# Data provided
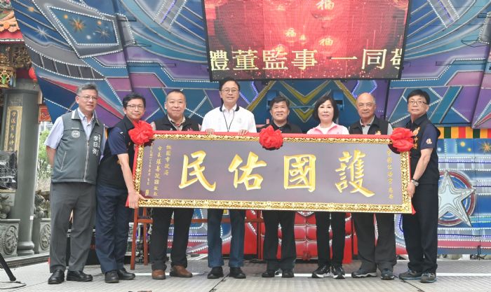 張市長指出,今日適逢媽祖聖誕,因此特地前來頒發「護國佑民」匾額1座,感謝中壢仁海宮長期以來的善行義舉,也期盼在地鄉親繼續支持仁海宮。
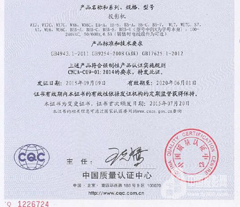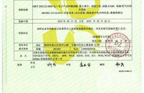 AVANZA投影機同時還獲得了國家權威認證機構頒發的海拔4000米無亮度衰減的證書:
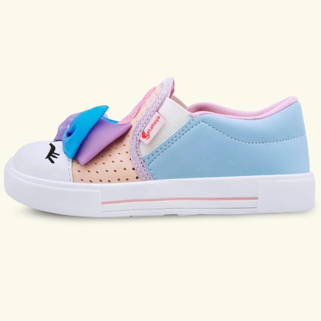 O modelinho é todo confeccionado em material de alta qualidade e fácil de limpar, com detalhes bordados na parte frontal de unicórnio com lacinho, é a coisa mais fofa! O modelo é calde-fácil, com elástico na lateral para melhor ajuste, super prático para o dia a dia. A sola do tênis é flexível e antiderrapante, do jeitinho que as meninas amam para se divertir sem se preocupar.

# What the exercise asks
Restate word for word the lines starting at the one that contains "AVANZA投影機同時還獲得" and ending at the last line of the data. Skip every picture.

# Solution to this exercise
 AVANZA投影機同時還獲得了國家權威認證機構頒發的海拔4000米無亮度衰減的證書:
 O modelinho é todo confeccionado em material de alta qualidade e fácil de limpar, com detalhes bordados na parte frontal de unicórnio com lacinho, é a coisa mais fofa! O modelo é calde-fácil, com elástico na lateral para melhor ajuste, super prático para o dia a dia. A sola do tênis é flexível e antiderrapante, do jeitinho que as meninas amam para se divertir sem se preocupar.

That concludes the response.